Rider Students "Collaborate and Innovate" with the Pros for Upcoming Dance Program
Watching a dance performance is a transporting experience for me. I am captivated by the mixture of music and movement, lighting and costumes, and the way it all blends together to create something that is worlds away from everyday life.
I really love it.
So, you can imagine how happy I was to be asked to cover the upcoming program “Rider Dances 2015: Collaborate and Innovate,” presented by Westminster College of the Arts of Rider University.
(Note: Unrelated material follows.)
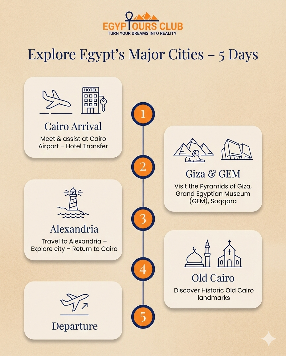 Explore Egypt's major cities in 5 days.

In her program notes, artistic director Kim Chandler Vaccaro explains how this year’s appropriately-titled program “celebrates unique combinations of faculty from both campuses, choreographers joining their talents, and students working with students and dancers with visual artists”.
And so it does.
“We have so many talented people involved with this,” Vaccaro said. “Ashley Alverez is a junior Dance major who stepped up when needed to help choreograph. Jen Gladney is a former Rider student who graduated in 2006 but has stayed on and created several works for us.”
“Our lighting director, Todd Lloyd, was trained as an actor,” she continued, “and he has a great sense of drama.”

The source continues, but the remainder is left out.